Fabio Lebran

Personal information
- Date of birth: 12 January 1987 (age 38)
- Place of birth: Camposampiero, Italy
- Height: 1.90 m (6 ft 3 in)
- Position(s): Centre back

Team information
- Current team: Treviso Academy

Youth career
- 000?–2003: Montebelluna
- 2002–2003: → Parma (loan)
- 2003–2005: Parma

Senior career*
- Years: Team / Apps / (Gls)
- 2005–2013: Parma / 0 / (0)
- 2005–2007: → Carrarese (loan) / 17 / (0)
- 2007–2008: → Carpenedolo (loan) / 33 / (0)
- 2008–2009: → Venezia (loan) / 28 / (1)
- 2009–2010: → Rimini (loan) / 27 / (1)
- 2010–2012: → AlbinoLeffe (loan) / 31 / (1)
- 2012–2013: → Perugia (loan) / 12 / (1)
- 2013–2015: Crotone / 0 / (0)
- 2013–2014: → Gorica (loan) / 1 / (0)
- 2014: → SPAL (loan) / 13 / (1)
- 2014–2015: → Como (loan) / 23 / (0)
- 2015–2016: Savona / 25 / (0)
- 2016–2017: Campodarsego / 24 / (0)
- 2017–2019: Darfo Boario
- 2019–: Treviso Academy / ´

= Fabio Lebran =

Italian footballer

Fabio Lebran (born 12 January 1987) is an Italian professional footballer who plays as a centre back for Treviso Academy.

==Career==
Born in Camposampiero, Veneto, Lebran started his career at Montebelluna. He then left for Emilia side Parma along with Filippo Mattiuzzo and Simone Pajaro. In summer 2005 he left for Serie C2 side Carrarese in co-ownership deal, where he played two seasons. He also earned a few call-up to Italy under-20 Lega Pro representative team for 2006–07 Mirop Cup (against Croatia U20 team), for training matches and a training match for 2006 Trofeo Dossena.

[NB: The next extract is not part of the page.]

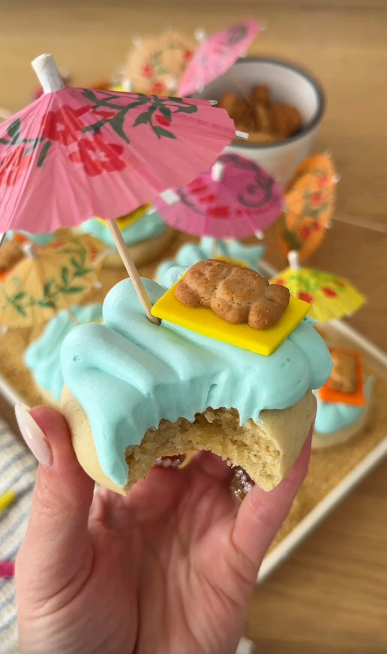 Use a piping bag to frost each cookie. Roll out your colored fondant and cut tiny rectangles big enough to fit the graham cracker bears. Add one fondant towel and a graham cracker bear to each cookie. (You can dab some frosting on the back of each bear so it doesn’t slide off the towel) Add paper umbrellas if desired.

In June 2007, Parma bought back Lebran and he was loaned to Serie C2 side Carpenedolo. In summer 2008, he left for Lega Pro 1st Divisione (ex-Serie C1) side Venezia in another co-ownership deal. At Venice, Lebran was the regular starter and earned a call-up to Italy U21 Lega Pro team against England C team, which ended in 2–2 draw. He was bought back by Parma again in June 2009 and sold to 1st Divisione side Rimini in co-ownership deal few weeks later, for €75,000.

Few weeks before the bankrupt of Rimini, Parma bought him back on 25 June 2010, for €75,000. He was awarded no.23 shirt, call-up to the pre-season camp and played a club friendly for Gialloblu.

On 6 August 2010, he joined Serie B side AlbinoLeffe in co-ownership deal, for €150,000. The club relegated in 2012. In June 2012 Lebran returned to Parma for €200,000 in 2-year contract. On 12 July he was signed by Perugia of the third division.

===Crotone===
In June 2013 Lebran left for Crotone in new co-ownership deal, in three-year contract, with Massimo Loviso moved to opposite direction in co-ownership deal. Both 50% "card" of the players were valued €400,000. On 1 July 2013 Lebran left for Slovenian club ND Gorica. The paperwork was finalized on 19 July. Parma also loaned several players to Gorica on 1 July, namely: Bright Addae, Daniele Bazzoffia, Uroš Celcer, Massimo Coda, Alex Cordaz, Sebestyén Ihrig-Farkas, Alen Jogan, Gianluca Lapadula and Floriano Vanzo.

On 10 January 2014, Lebran was signed by SPAL.

On 18 June 2014, Loviso moved to Parma outright as well as Lebran to Crotone outright.

On 11 July 2014, Lebran was signed by Como.

===Later career===
After two years with Darfo Boario, Lebran left the club in the summer 2019. He remained without club until December 2019, where he joined Promozione club Treviso Academy.